President Jo fills him on the details regarding the deal he made with Joon-hyun that if Chun-hee ranked number one on the charts, he’d produce Joon-hyun’s new album. Joon-hyun thinks the story is so absurd that he must be on a hidden camera show. Or, possibly… is Chun-hee President Jo’s long-lost daughter? But President Jo informs him that she’s the daughter of someone he’s indebted to (so thank goodness that’s one trope we’ll get to skip).
Byul teaches Chun-hee how to play the “connecting the story” game, where someone starts a story and the next person has to speak the next line, continuing the story. The story the two create is basically their own story of waiting for their father to return home, and Byul even adds the wish that their mother would come home, too. But not just their mother — Ahjussi, too. Chun-hee tucks her sister into bed, smiling to herself at the “happily ever after” ending her sister envisions.
At Coach Bang’s restaurant, Tae-song and Chul-man square off in a machismo contest where their faces appear less intimidating and more like they’ve lost control of their motor skills. They both leap up to help serve (themselves, ha!), but Chul-man snatches the tray of soup away when Coach Bang points out that Tae-song’s “girlfriend” has arrived.
Distressed at having lost his chance, he distractedly tells Pil-nyeo that instead of vacation, he’s instead going to Shine Star’s overnight team-building event.
Joon-hyun has no plans to attend, dismissing it as tacky and pointless. That’s the response Tae-song assumed he’d give, but Tae-song is all set to go because he’s sharing secretary duties with Chun-hee. As soon as Joon-hyun hears that Chun-hee will be there, he suddenly changes his mind, declaring that the members of Shine Star should spend time with the “god of music.”

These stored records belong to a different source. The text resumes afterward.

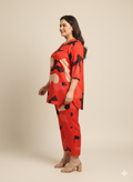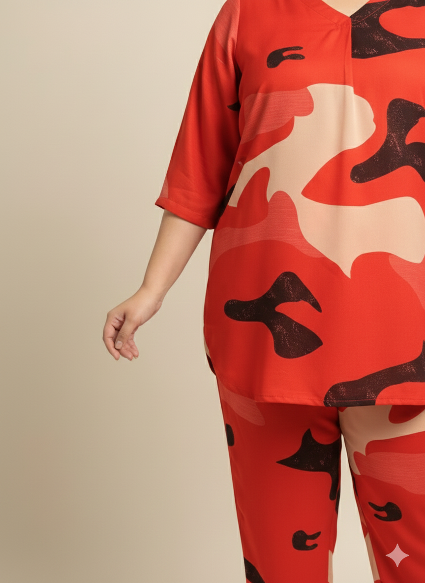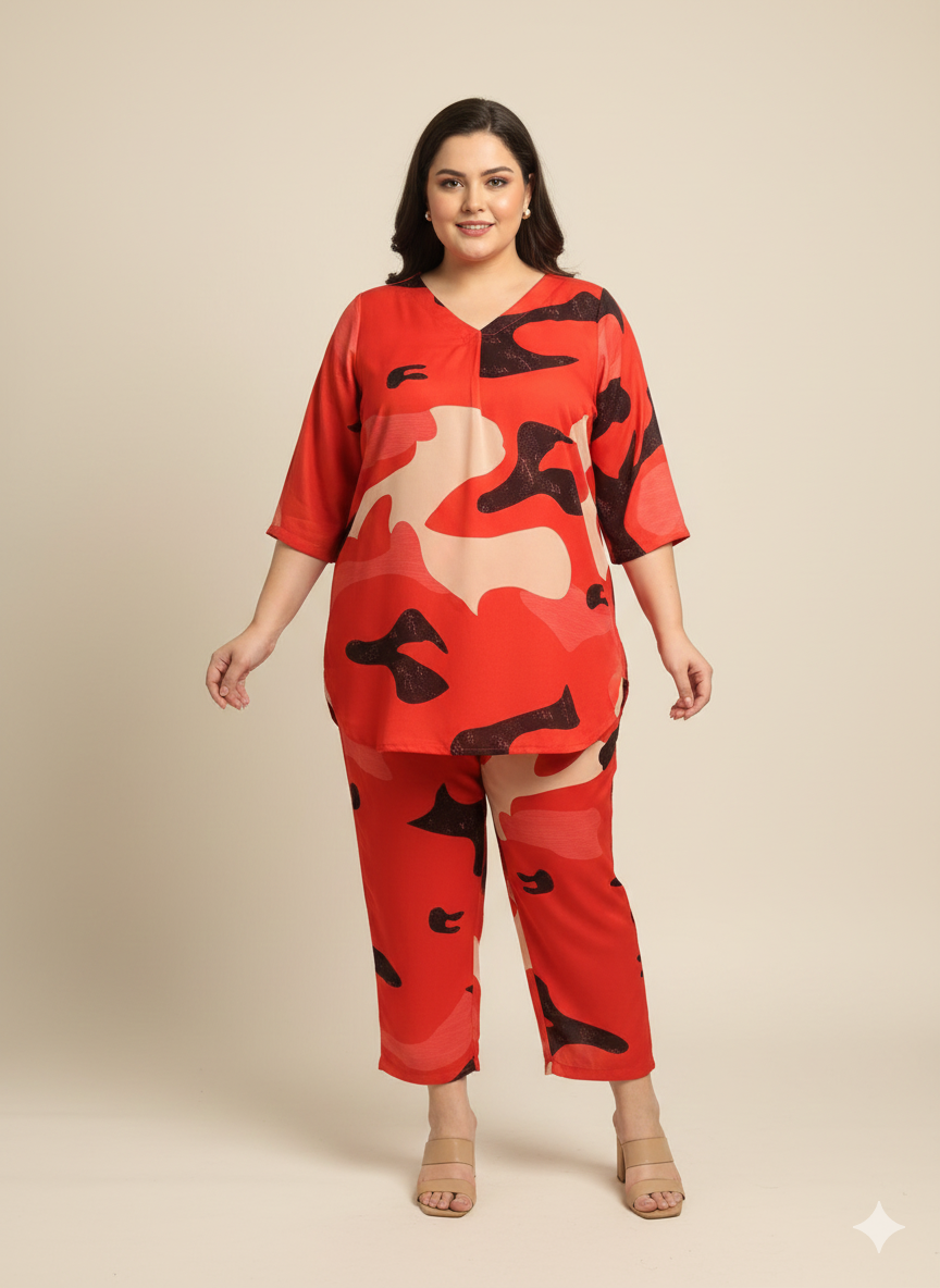 Plus Size Floral Printed V-Neck Three-Quarter Sleeves Tunic With Trouser
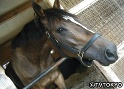 ターフでの圧倒的な強さから想像も出来ない、馬房でのんびりしているウオッカ。
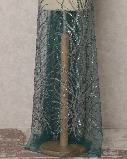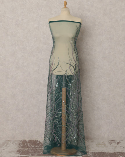 Dark Green Embroidered Nylon Tulle Fabric with Sequin Work, 3.5 Mtrs, 135 Cms, China-D22358
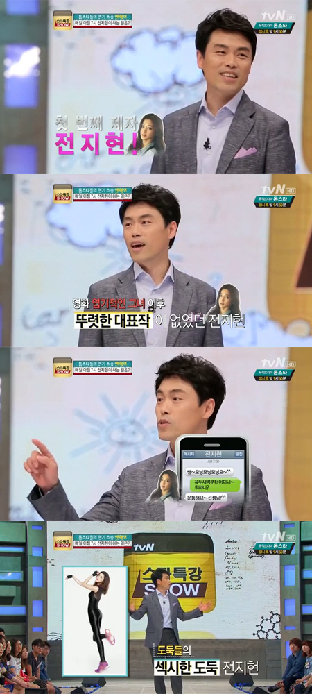 그는 "어느 날 아침 7시 전지현한테 문자가 왔길래 '어디냐'고 물었더니 운동한다고 하더라"며 "전지현은 매일 아침 7시 운동을 했다. 영화 '도둑들' 예니콜 역할 속 몸매를 매일매일 운동을 통해 관리한 거다"라고 밝혔다.

There’s one catch: because Tae-song didn’t think Joon-hyun would go, he only reserved one VIP room. Joon-hyun tries to claim it for himself because he’s a star, but Geon-woo reminds him that he’s the president of the company. Joon-hyun follows him (and they have a tug-of-war to see who can get through the doorway with their suitcases first), insisting that he can’t sleep anywhere that isn’t a VIP room.
Geon-woo knows better, and says that Joon-hyun is capable of sleeping wherever — but laughs to himself when he remembers that Joon-hyun has no memory of sharing a house with Chun-hee. Nevertheless, Joon-hyun claims a bed, but is beaten out by the chance to use the shower first as Geon-woo rushes past and locks him out of the bathroom (and Joon-hyun gets his petty revenge by shutting off the lights, ha).
Chun-hee and Soo-in share a room, which Soo-in says is because she was the only one who was willing to share with Chun-hee. Tae-song is happy to be in his own room as he rolls around in the bed, until a knock on the balcony door gets his attention: It’s Pil-nyeo!
That night, the Shine Star family sit around the fire with their dinner and glasses of wine, cheering for a toast from their president. Instead, Joon-hyun pulls out his guitar and sings his MJ song, to the delight of everyone except Chun-hee. And Geon-woo, who notes Chun-hee’s discomfort. And possibly Soo-in, who knows that song isn’t for her, despite everyone assuming it is.
Director Wang discovers Pil-nyeo is there as well, and he reminds her that she was kicked out of the company. She points out that she only got kicked out because she did what he told her to do, and he threatens her to keep quiet or things will get worse for her. Their exchange is overheard by Tae-song, and just as Pil-nyeo is all packed up and ready to go because she doesn’t want to see Director Wang, Tae-song arrives with a bag of alcohol and snacks. Aw, what a perfect guy.
Geon-woo and Chun-hee are the only ones left around the fire pit, and she teaches him how to play the story-connecting game. In the middle of the story (which is based on “The Little Mermaid”), Soo-in and Joon-hyun arrive, seeking shelter from the rain. Joon-hyun, unbidden, joins in on the game, and soon their story takes on more meaning as their personal stories are wrapped up in their version of “The Little Mermaid” — which Chun-hee keeps more true to the original Hans Christian Andersen version as she says the mermaid (that is, herself) turns into bubbles and disappears after the prince (Joon-hyun) falls in love with another princess (Soo-in) after he forgot about the mermaid.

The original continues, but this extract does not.